On Saturday, the United States and Israel conducted strikes against Iran. By Monday, Iranian drones had targeted Saudi Arabia's Ras Tanura refinery, a global giant processing 550,000 barrels daily and a crucial diesel supplier to Europe. QatarEnergy ceased all LNG production. Brent crude prices surpassed $82 per barrel. Shipping through the Strait of Hormuz, vital for approximately 20% of global daily oil, has effectively halted. With gas prices nearing $3.15 per gallon and diesel futures soaring, the perennial question resurfaces: Why does the world's leading oil-producing nation remain vulnerable to events thousands of miles away? The explanation lies not in the oil fields, but in the pipelines, refineries, and the long-standing infrastructure choices we've neglected. For the trucking industry, which uses over 35 billion gallons of diesel annually, this is not merely a geopolitical event, but a matter of survival.

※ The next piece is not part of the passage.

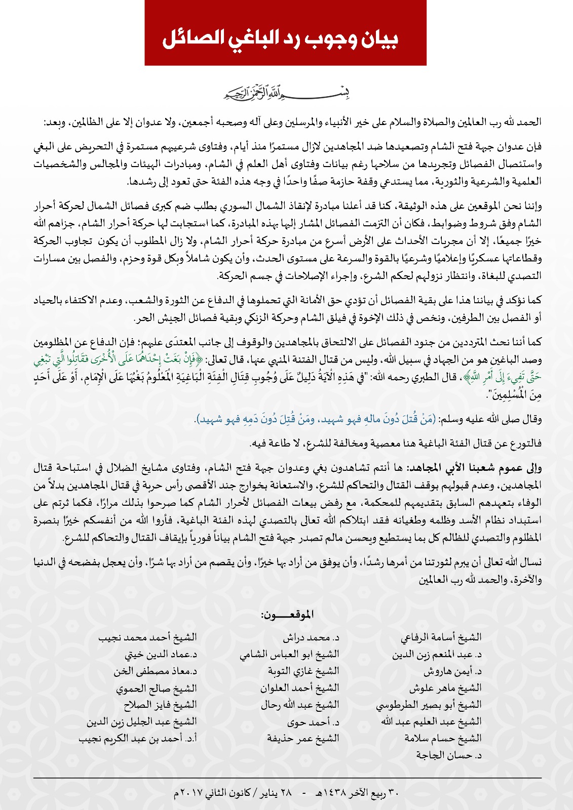 فإن عدوان جبهة فتح الشام وتصعيدها ضد المجاهدين لازال مستمرًا منذ أيام، وفتاوى شرعييهم مستمرة في التحريض على البغي واستئصال الفصائل وتجريدها من سلاحها رغم بيانات وفتاوى أهل العلم في الشام، ومبادرات الهيئات والمجالس والشخصيات العلمية والشرعية والثورية، مما يستدعي وقفة حازمة صفًا واحدًا في وجه هذه الفئة حتى تعود إلى رشدها.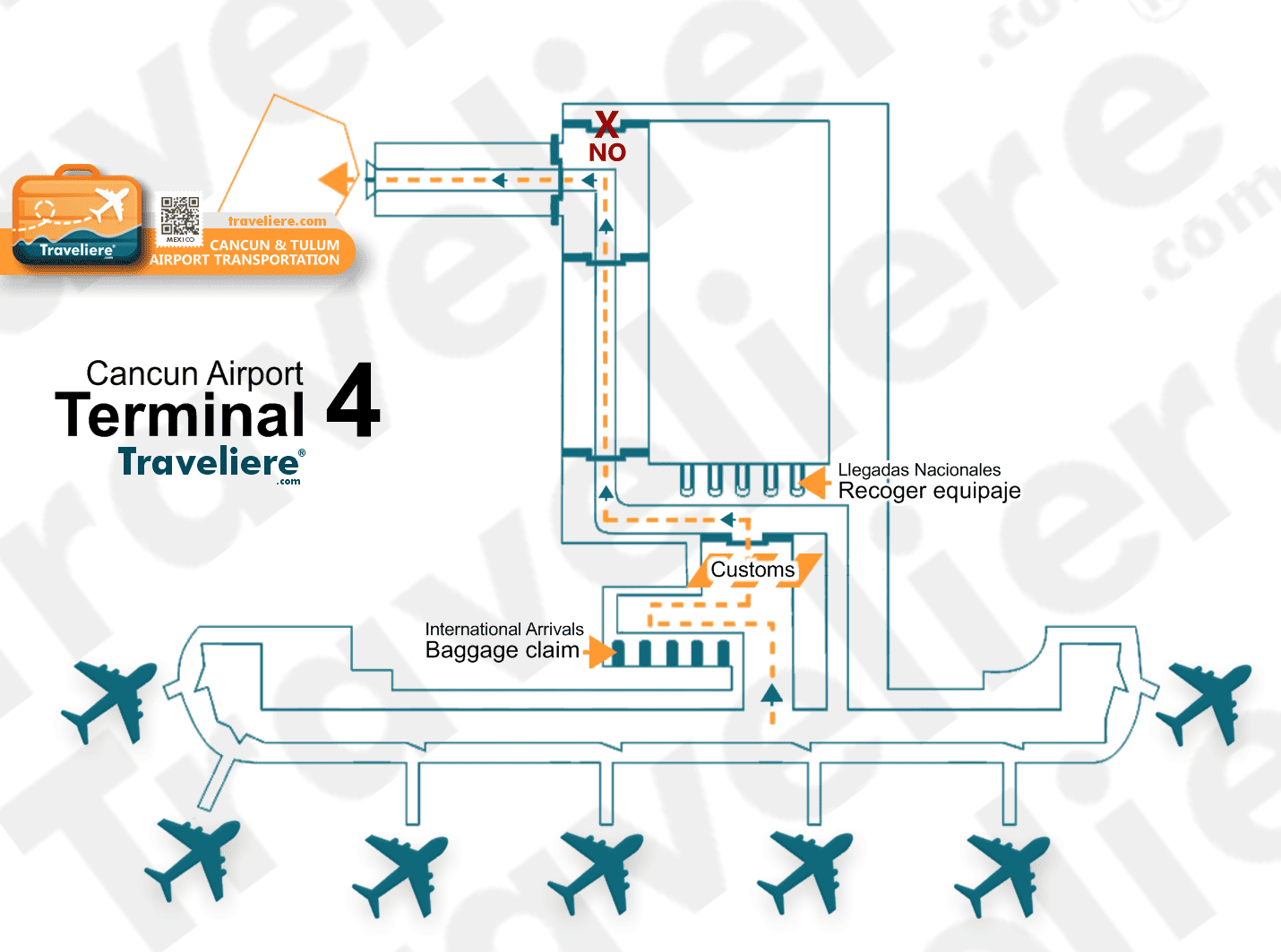 Preview of Cancun Airport Map 2025 from Terminal 4, customs, baggage claim and gates for arrival and departure transportation

Day three: The Strait is closed, and the shelves are being watched.

Early Saturday morning, February 28th, the U.S. and Israel executed coordinated airstrikes across Iran, hitting Tehran, Isfahan, Qom, and other significant cities. These strikes resulted in the deaths of Ayatollah Ali Khamenei and several high-ranking officials. President Trump stated the operation's objective was to dismantle Iran's nuclear program and disrupt its regional proxy networks.

Iran's retaliation was swift and more extensive than any prior response, with Tehran launching missiles and drones against U.S. interests.